We save two bytes, at the cost that &bar.0 is now a hard error. The field bar.0 instead has Cell semantics. However, &bar.0.1 is valid, because the u16 will be aligned, as would be the case in ActualBar.

The local struct version is easy, but it gets a bit messier when you involve pre-existing types. We want

struct Foo {
  #[flat]
  a: Option<u32>,
  #[flat]
  b: Option<u32>,
  #[flat]
  c: Option<u32>,
}

to be laid out as (u32, u32, u32, u8, padding) or similar. But suddenly, because you can't take references, you can't do simple things like foo.a.is_some(), because that requires a reference to a. For now, I think it's best to just assume you can only flatten Copy types, but it's probably possible to extend to non-Copy types in some cases; the Copy case is probably the most interesting one. You should also be able to write

match &foo.a {
  Some(a) => a, // types at &u32
  None => ...,
  x => /* not allowed! */,
}

but I'm not sure how to best specify this in a way that doesn't feel unnecessarily magical...
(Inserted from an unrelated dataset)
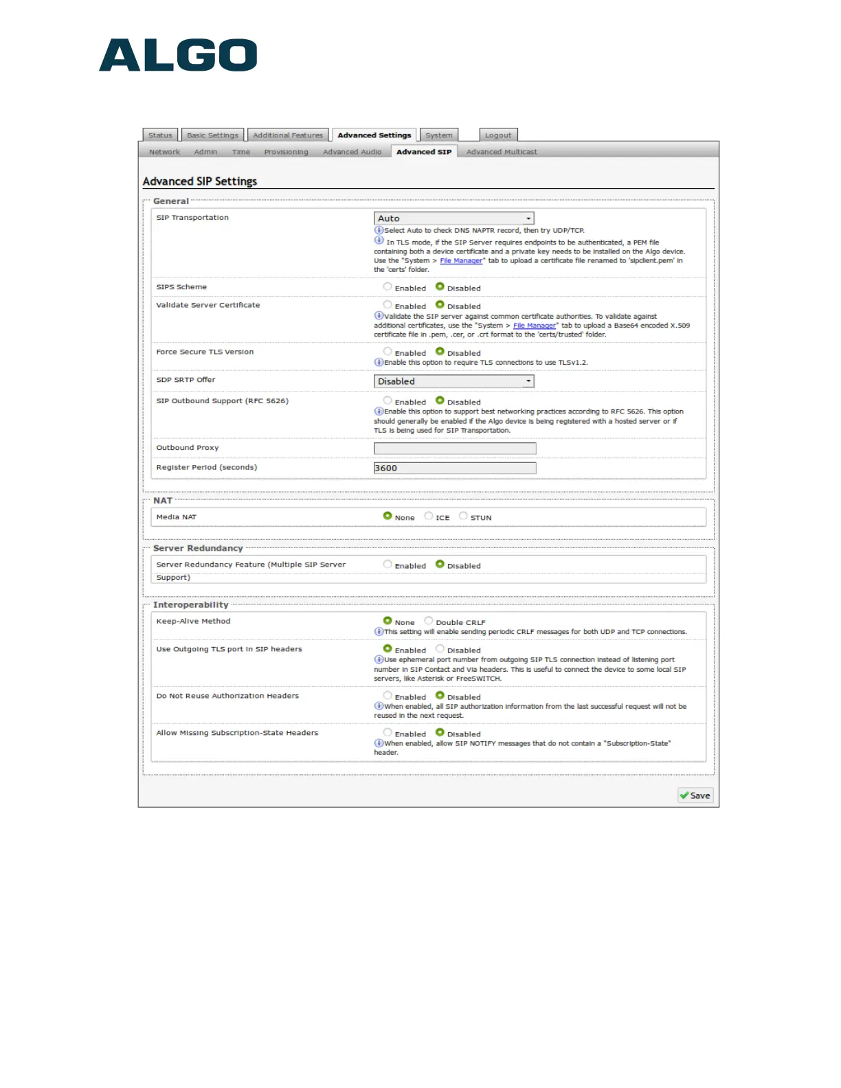 Only visible when ‘SIP Transportation’ set to ‘TLS’. Enabling SIPS Scheme

Open questions from my perspective:

Should "flatness" be a property of a field, or of a type? For fields, it means that you can make arbitrary existing types flat without incurring the no-references-allowed penalty. For a type, it means we can make it a trait, which could be useful in generic contexts, but it's not clear to me how.
How do we deal with matching on a flat enum field to extract references into it?
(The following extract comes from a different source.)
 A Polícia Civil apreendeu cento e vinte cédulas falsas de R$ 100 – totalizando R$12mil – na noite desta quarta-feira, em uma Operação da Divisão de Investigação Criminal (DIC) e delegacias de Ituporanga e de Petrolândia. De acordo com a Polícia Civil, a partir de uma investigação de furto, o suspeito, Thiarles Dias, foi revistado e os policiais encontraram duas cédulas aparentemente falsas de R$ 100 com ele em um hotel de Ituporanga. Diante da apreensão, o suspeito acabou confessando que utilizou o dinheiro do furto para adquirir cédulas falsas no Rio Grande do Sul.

Soni · May 12, 2021, 4:37pm

This would tie in nicely with PITs, so you could do something like this:

struct Type(i32, i32, i32);
enum TaggedPartiallyInitializedType {
  None(Type()),
  __C(Type(2)),
  _B_(Type(1)),
  _BC(Type(1, 2)),
  A__(Type(0)),
  A_C(Type(0, 2)),
  AB_(Type(0, 1)),
  ABC(Type(0, 1, 2)),
}

and then carry the PIT around more efficiently in other structs/enums/whatever.
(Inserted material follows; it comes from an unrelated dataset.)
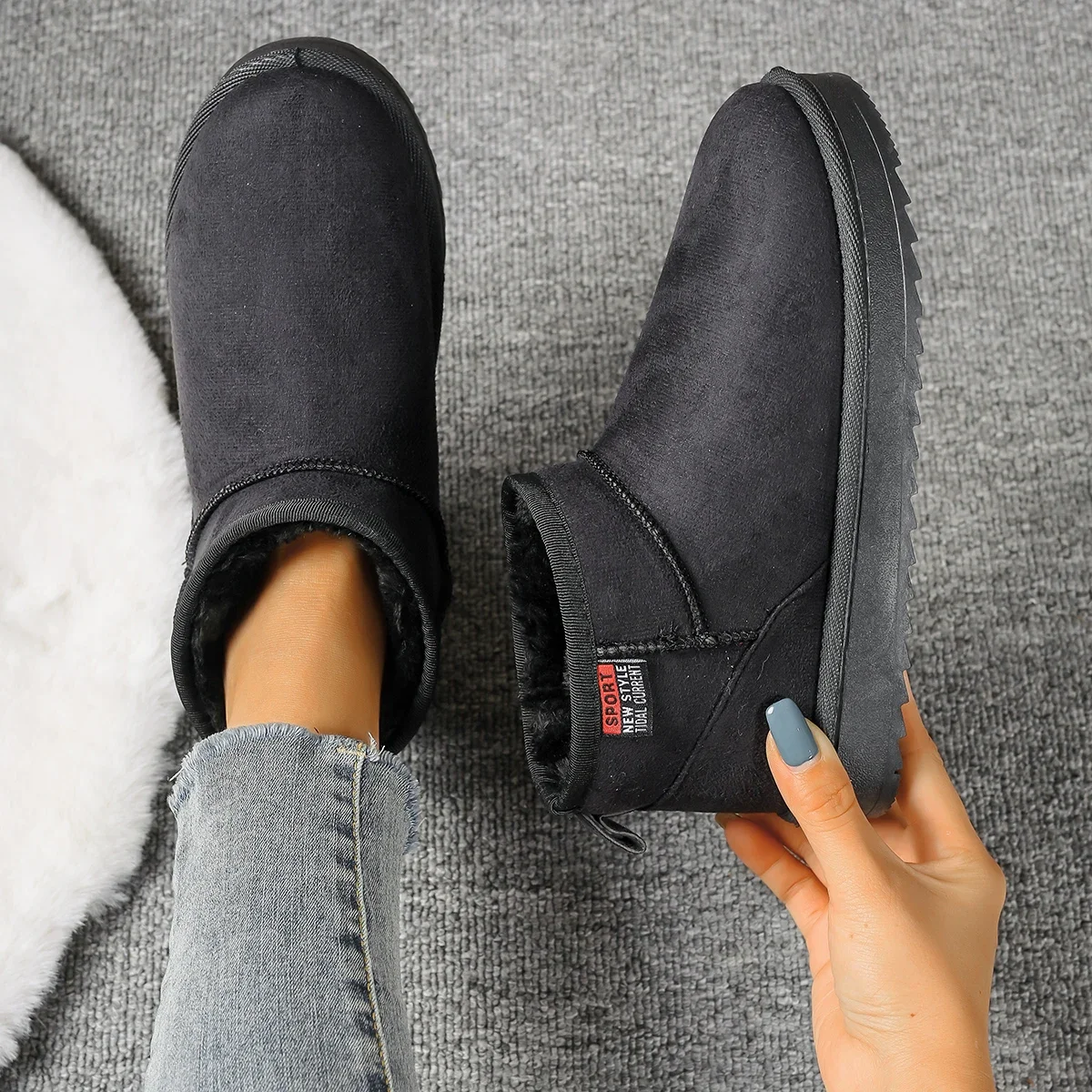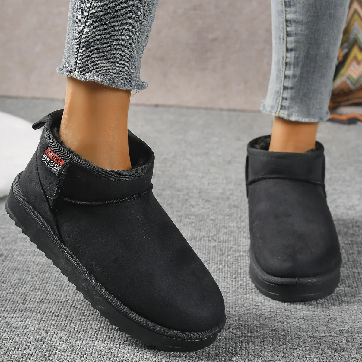 Suede Flats Ankle Women Snow Boots Warm Comfort 2024 Winter Casual Shoes New Trend Hot Sale Walking Non-slip Chaussures Femme

Alternatively, an DropFlagged<T> could be specified to provide the same functionality today (with no support for nesting ofc).

scottmcm · May 12, 2021, 5:11pm

One version of this that's been discussed before is "move-only" fields that would have this constaint.

Because the main constraint on doing layout optimization is reading through &s and particularly writing through &muts, that would give repr(rust) far more freedom to bit-pack (even arithmetic pack, if it wanted) enums together, unify discriminants across fields, misalign fields if helpful, etc, since it could run extra code in both cases.

Move-destructuring such types would also be fine even if the fields were non-Copy.

Flatness of a type seems like it would be a mess for generic code, since I can take references to a T that I put in a wrapper of some sort today. Making that work seems like it'd probably need another opt-out trait (like ?Sized), but historically we've strongly not wanted to have more of those.

mcy · May 12, 2021, 5:27pm

Yeah, I just didn't want to think about that one too hard. =P

This was my thought too. I don't think it's a good idea.

jhpratt · May 12, 2021, 10:00pm

This could effectively be simulated by using byte(s) for the Option<T> fields, with the fields themselves being MaybeUninit<T>. Getters and setters would be necessary, This would be a little tricky with Drop, but I'm pretty sure it's doable. Maybe a proc macro to start?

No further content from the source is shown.